3 minute read
Salamander Has a Five-Star Rating, and GM
By Leonard Shapiro
His grandfather was the man in charge at the iconic Royal York Hotel in Toronto. His father ran the luxurious Fairmont Hotel in Banff Springs. So no surprise that Reggie Cooper, the grandson and son of hotel lifers, is now general manager of Middleburg’s Salamander Resort & Spa.
A Canadian native, Cooper, now 52, was a ski racer talented enough to make the team at the University of Colorado, where he earned a degree in resort management.
Following graduation, he worked in a Toronto-based restaurant company, then decided “I didn’t want to be in a city any more. I set out to find a place with green, open space.”
He moved to Maine to handle sales and marketing at a small ski resort near the New Hampshire border. Cooper stayed five years, played a significant role in number of skiers go from 87,000 lift rides a year when he arrived to 550,000 when he left.
He then had an opportunity to do more of the same at the Topnotch Resort in Stowe, Vermont, one of the premier facilities on the East Coast in a ski mecca town. Cooper was there for nine years, promoted to general manager and was involved in developing condominiums and expanding the resort’s spa to 35,000 square feet, the largest in New England. “It was a fun place and we had a great time there,” he said. “It’s the place where I really got into the luxury resort business.”
Then came one more move, perhaps the most fortuitous of all. He went to the Canyon Ranch in Lennox, Massachusetts, an upscale resort focusing on health and wellness. “I could have stayed there to the end of my career,” Cooper said. “Then I met Mrs. Johnson.”

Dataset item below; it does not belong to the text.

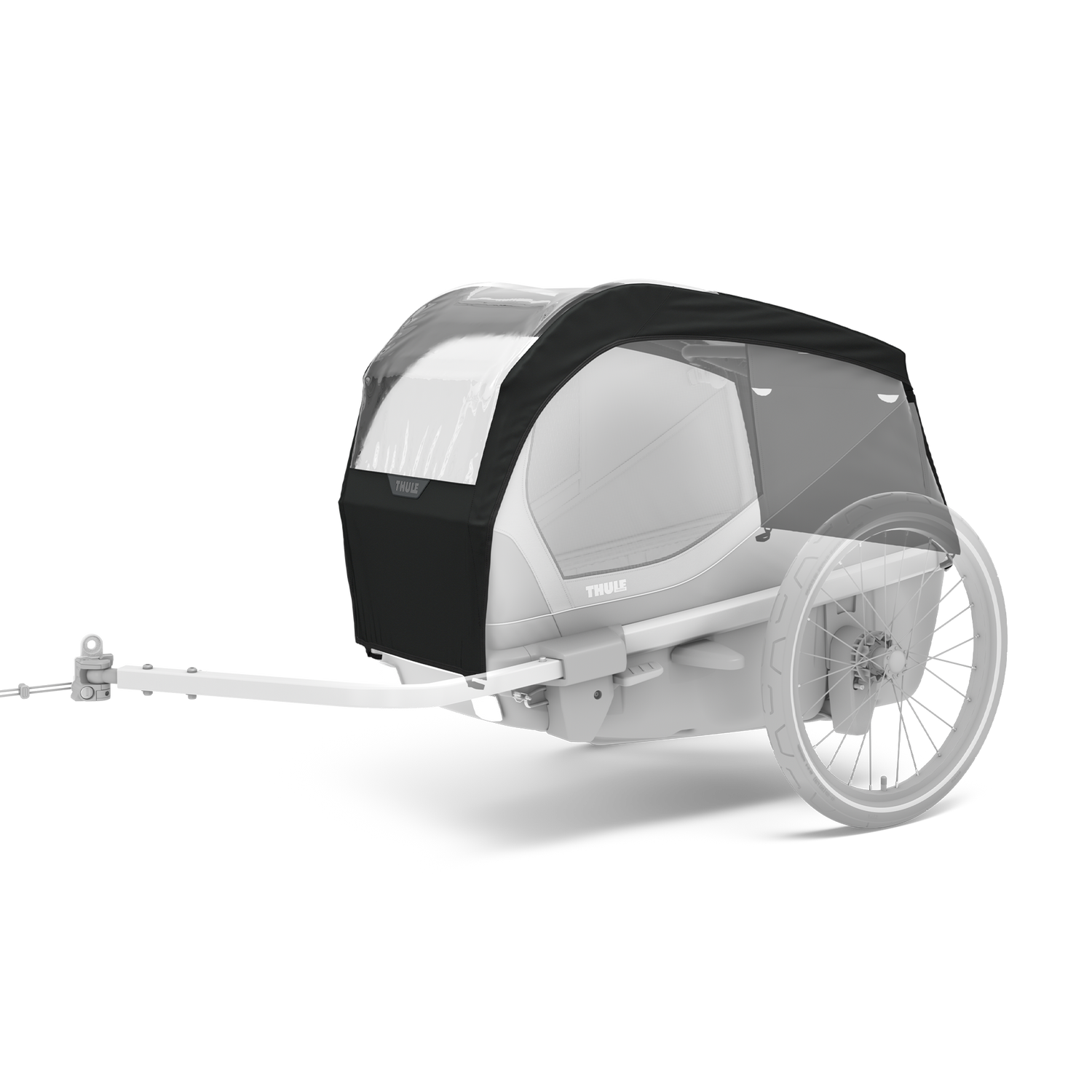 Cover your dog bike trailer with a rain cover - Rain cover with a clear plastic front window that is easily attached to your Thule Bexey dog bike trailer. It protects your dog on rainy days and offers additional warmth during the colder months.

That would be Sheila Johnson, Salamander’s founder/owner. She’d been a Canyon Ranch guest, and Cooper soon was making a visit to her Middleburg property and was blown away.
“When I saw the place, the beautiful detail everywhere and her dream to create a five-star property that would be thought of as one of the great resorts in the country, I was very impressed. This was a very unique opportunity. I told my wife Linda I was definitely ready for this kind of challenge.
“I didn’t know a lot about the region. But I saw the proximity to airports, to a Middle Atlantic customer base and affluent travelers. And when I got to know Mrs. Johnson, that sealed it. She’s just an incredibly dynamic entrepreneur and I definitely was aligned with what she wanted to do.”
Cooper is now in his fifth year at Salamander. His initial focus was to provide guests the highest possible level of service, as well as to grow the sales and marketing effort to pull in corporate business. The resort now has a respectable 70 percent occupancy rate, and Cooper said there is a strong local presence in the use of its spa, equestrian center and restaurants.
“We also had to create programs to attract people,” he said. “Guests can play golf at Creighton Farms. We’ve got the zip line, great equestrian facilities, a wonderful spa. We’re in an area with history trails, beautiful places to go hiking and biking, and the number of wineries has exploded.”
Cooper and his staff of 330 were rewarded for their efforts last February when the prestigious Forbes Travel Guide gave Salamander a five-star rating, one of only 270 such facilities world-wide.
Johnson owns six different major hotel and resort properties, and Cooper was asked if running one of therm may also be in his future.
“This is a very special place,” he said of Salamander. “Everywhere I’ve worked, I always say it’s the most beautiful place and the best community I’ve ever been. Then I decide to move and I say the same thing. But it’s hard to imagine anything better than this. I love this place.”